If only he'd been more headstrong he'd still be here.


----------



## CoryKS (Sep 13, 2007)

theletch1 said:


> If only he'd been more headstrong he'd still be here.


 
Well, he's still a cut above the rest.


----------



## theletch1 (Sep 13, 2007)

CoryKS said:


> Well, he's still a cut above the rest.


Doesn't matter.  He'll never get a*head* of anyone like that.


----------



## Lynne (Sep 13, 2007)

You guys are killing me


----------



## CoryKS (Sep 13, 2007)

Lynne said:


> You guys are killing me


 
If you need a shoulder to cry on, I know a guy who isn't using his.


----------



## theletch1 (Sep 13, 2007)

CoryKS said:


> If you need a shoulder to cry on, I know a guy who isn't using his.
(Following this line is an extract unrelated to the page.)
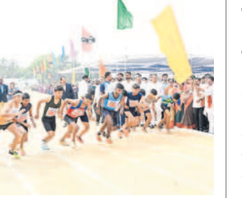
రంగంగి పోటీలో పాల్గొన్న క్రీడాకారులు

Trouble is he'd have a hell of a time putting on his psychologist hat to deal with your problems.


----------



## Cruentus (Sep 13, 2007)

CoryKS said:


> Ingenious. He must have had a good head on his shoulders.


 
lol!

Leave to us here in Michigan to get creative!


----------



## Andy Moynihan (Sep 13, 2007)

theletch1 said:


> Trouble is he'd have a hell of a time putting on his psychologist hat to deal with your problems.


 

Yeah it sounds to me he had enough to get off his chest himself.


----------



## thardey (Sep 13, 2007)

Andy Moynihan said:


> Yeah it sounds to me he had enough to get off his chest himself.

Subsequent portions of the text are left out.